Working data:
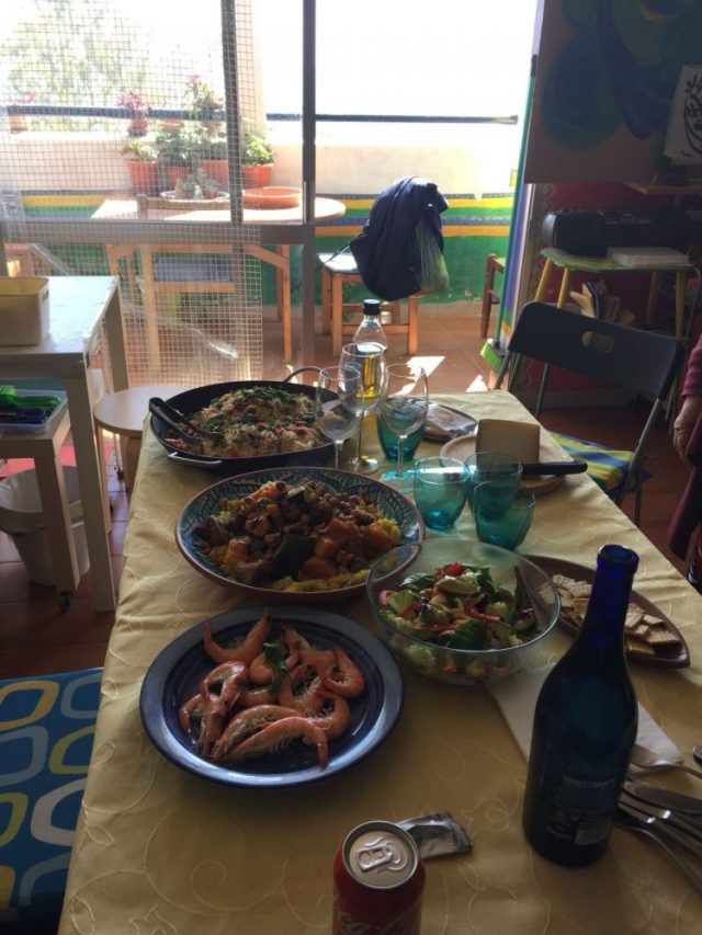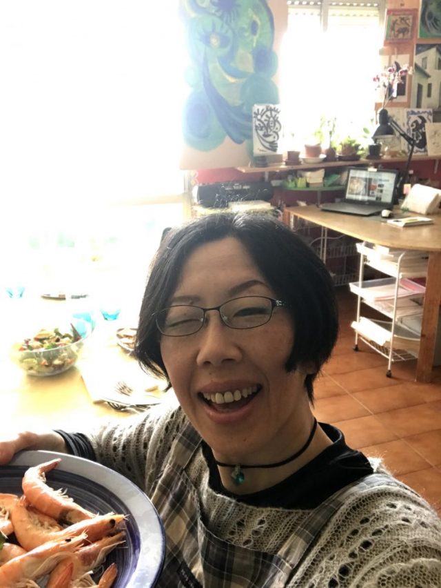ま、白ワインのボトルなど開けまして、のんびりランチがスタート。この日は風が強くてテラスランチが無理だったので、アトリエ(作業場)のテーブルが会場に早変わり。
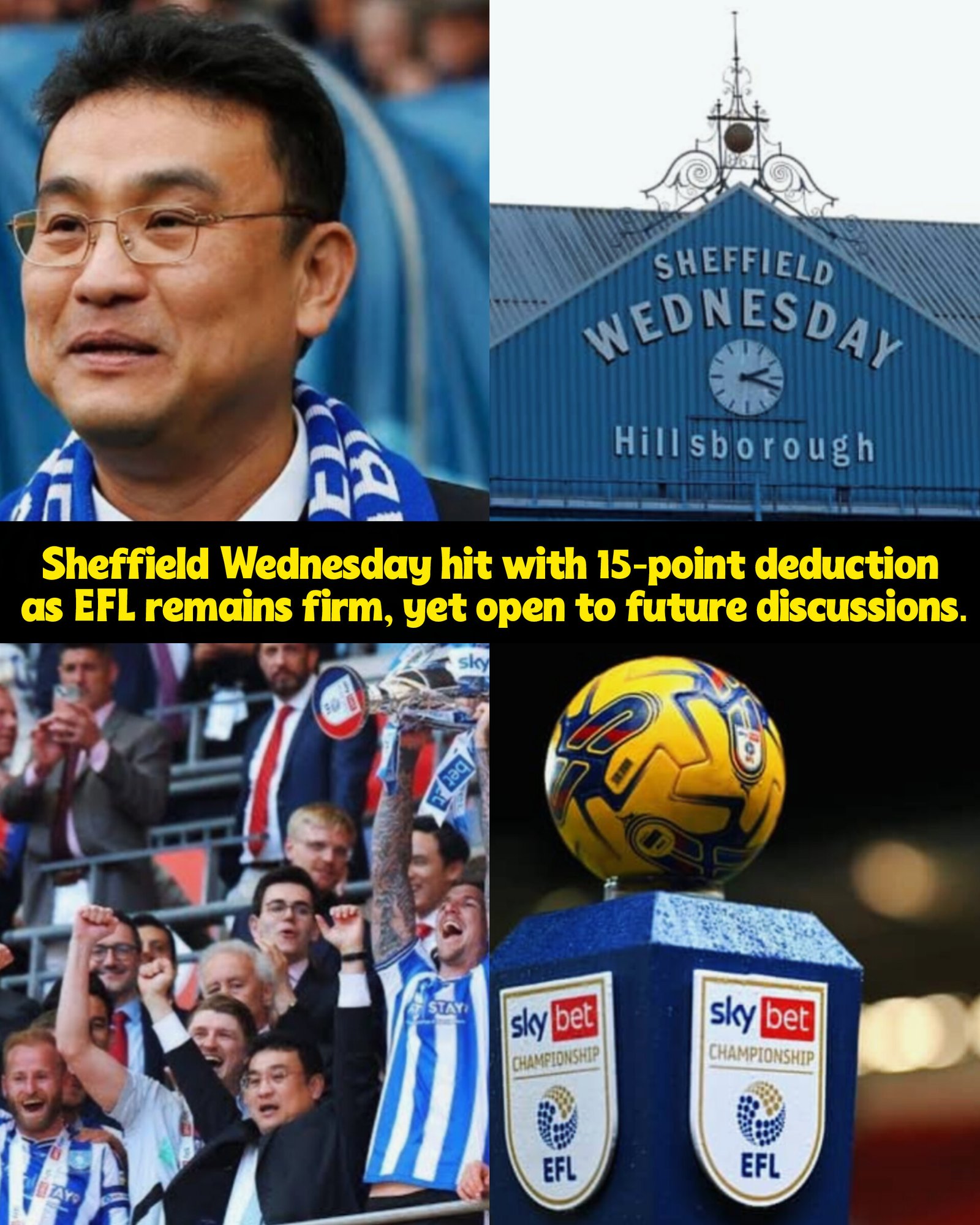 EFL maintains stance on 15-point deduction for Sheffield Wednesday but is willing to discuss future options.
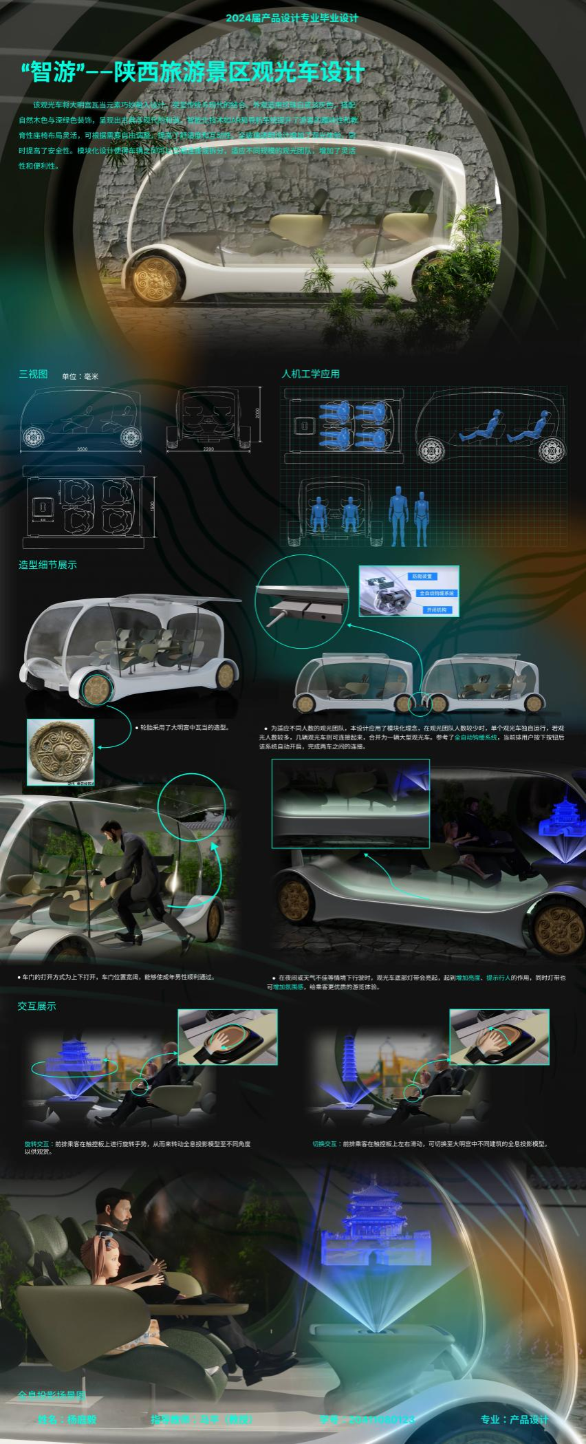 该观光车将大明宫瓦当元素巧妙融入设计,突显传统与现代结合的设计理念。外观选用珍珠白或淡灰色,搭配自然木色与深绿色色彩的内饰搭配,呈现出智能与自然的和谐统一。智能化技术如AR和导航系统提升了游客的趣味性和教育性。座椅布局灵活,可根据需要自由调整,提高了舒适度和互动性。全玻璃透明设计提高了游客旅游体验,同时提高了安全性。模块化设计使得车辆之间可以些相连接或拆分,适应不同规模的观光团队,增加了灵活性和便利性。
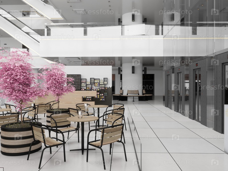 Эскалаторы в современном торговом центре. 3D-рендеринговый дизайн
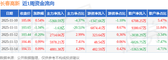 资金流向数据方面,本周长春高新主力资金合计净流出8041.42万元,游资资金合计净流入6381.52万元,散户资金合计净流入1659.91万元。本周资金流向一览见下表:
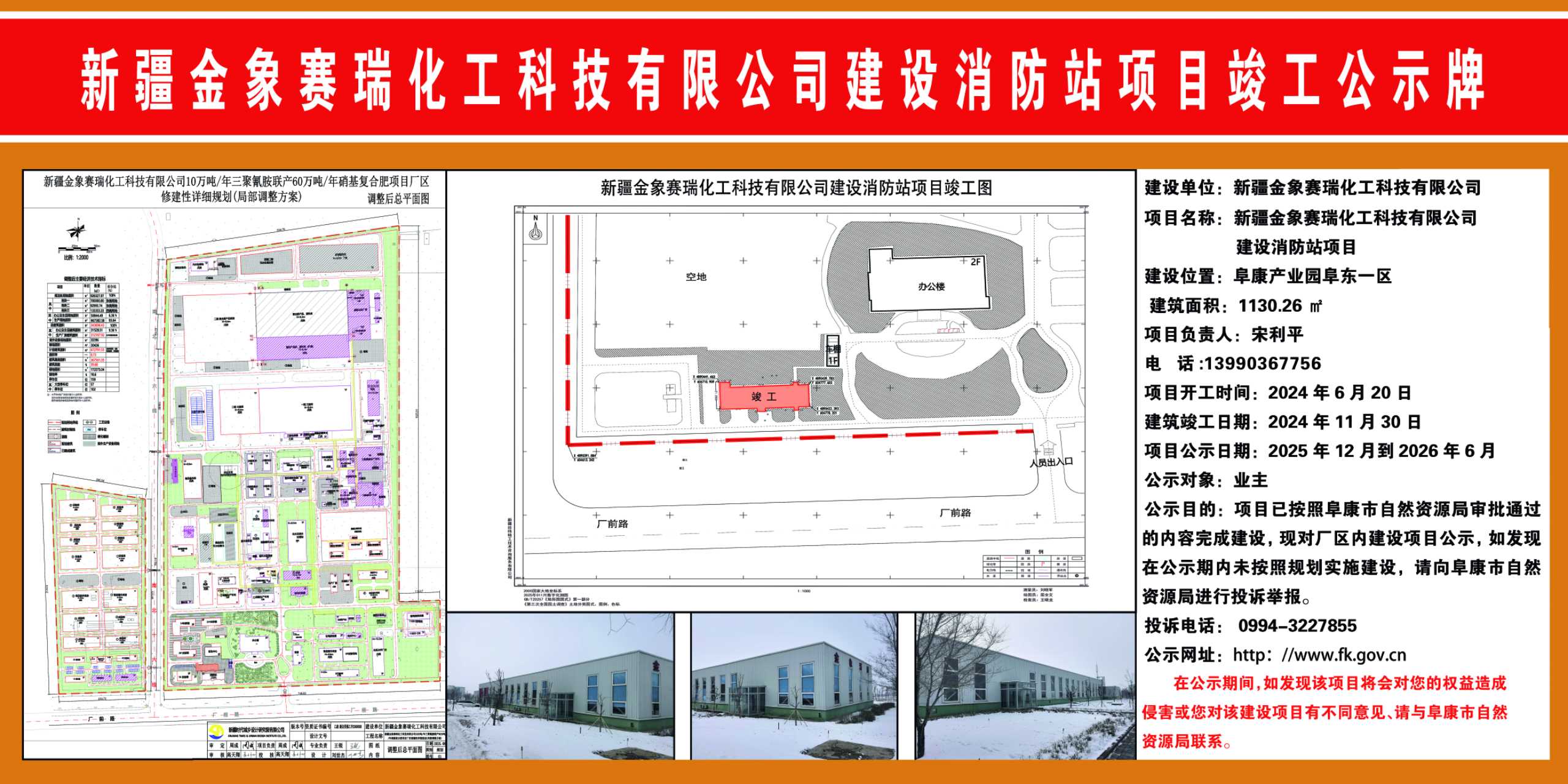 新疆金赛瑞化工科技有限公司建设消防站项目竣工公示牌
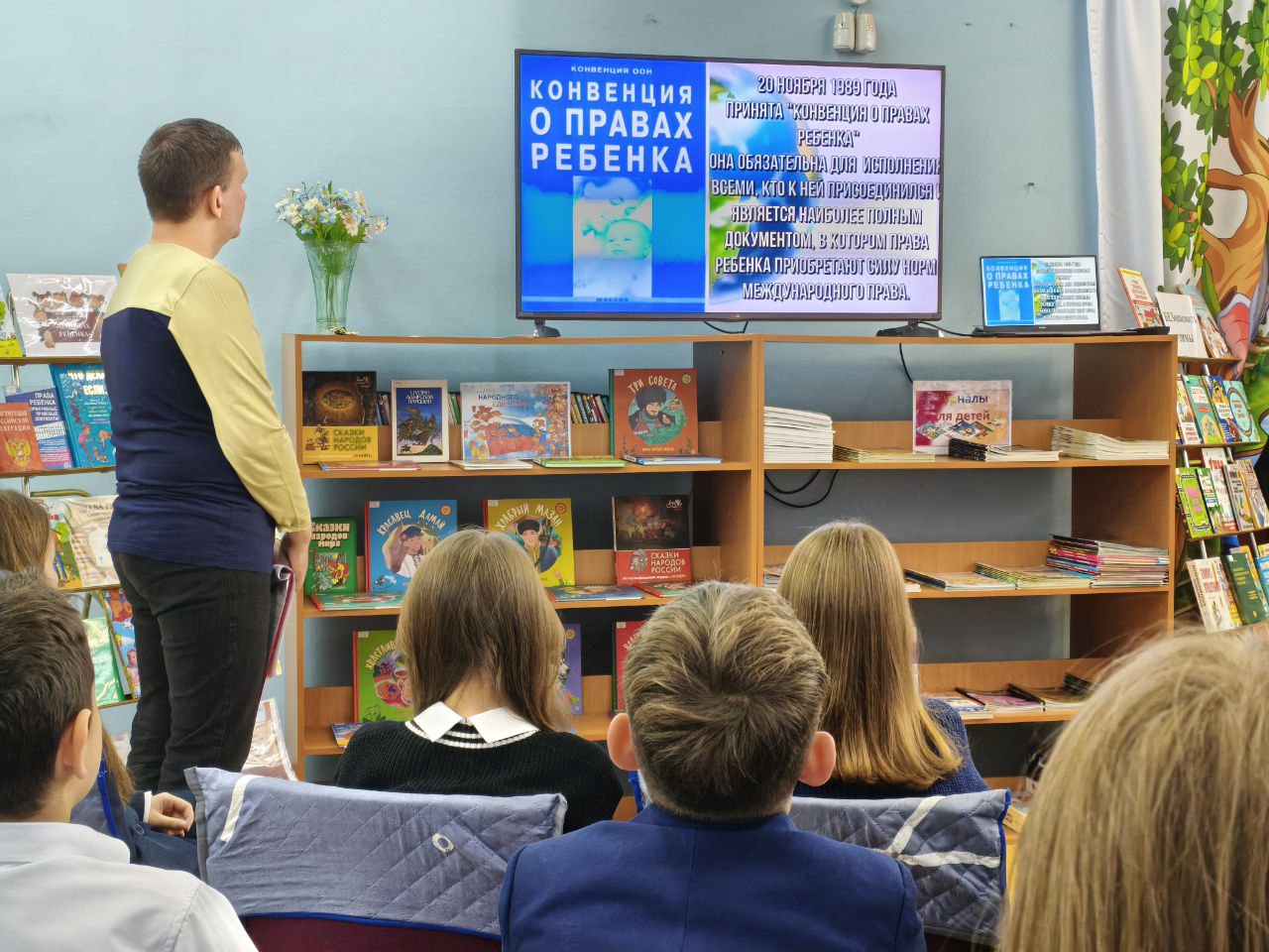 К Всемирному дню ребёнка в библиотеке для учащихся 5Б класса МБОУ СОШ № 7 прошёл урок правовых знаний "Конвенция о правах ребёнка – закон, защищающий детей". Ведущий мероприятия рассказал об истории календарной даты 20 ноября, об основных правах и обязанностях детей и о том, какими законодательными документами регулируются права ребёнка в Российской Федерации. Ребятам напомнили, что нужно не только знать и отстаивать свои права, но и ответственно относиться к своим обязанностям и помнить о своей ответственности: соблюдать Конституцию РФ, уважать государственные символы страны, заботиться о сохранности исторического и культурного наследия, бережно относиться к природе. Ребята получили знания о правах человека, о ценности человеческой жизни, о навыках правильного поведения в школе и дома, в общественных местах и на улице. А затем в игровой форме ребята приняли участие в викторине по закреплению знаний на библиотечном уроке.
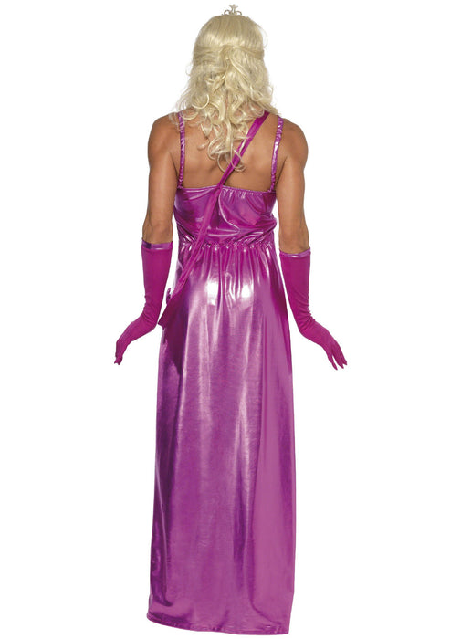 Dress to impress in this Mr Miss World drag queen costume. The costume includes a long metallic pink dress with large split and foam boobs. Also included is the Mr Miss World sash and a pair of elbow length gloves.

What to produce:
Go from the first line of the listing to the line holding "EFL maintains stance" and, please, transcribe those lines exactly, both included, with no pictures.

Exercise response:
ま、白ワインのボトルなど開けまして、のんびりランチがスタート。この日は風が強くてテラスランチが無理だったので、アトリエ(作業場)のテーブルが会場に早変わり。
 EFL maintains stance on 15-point deduction for Sheffield Wednesday but is willing to discuss future options.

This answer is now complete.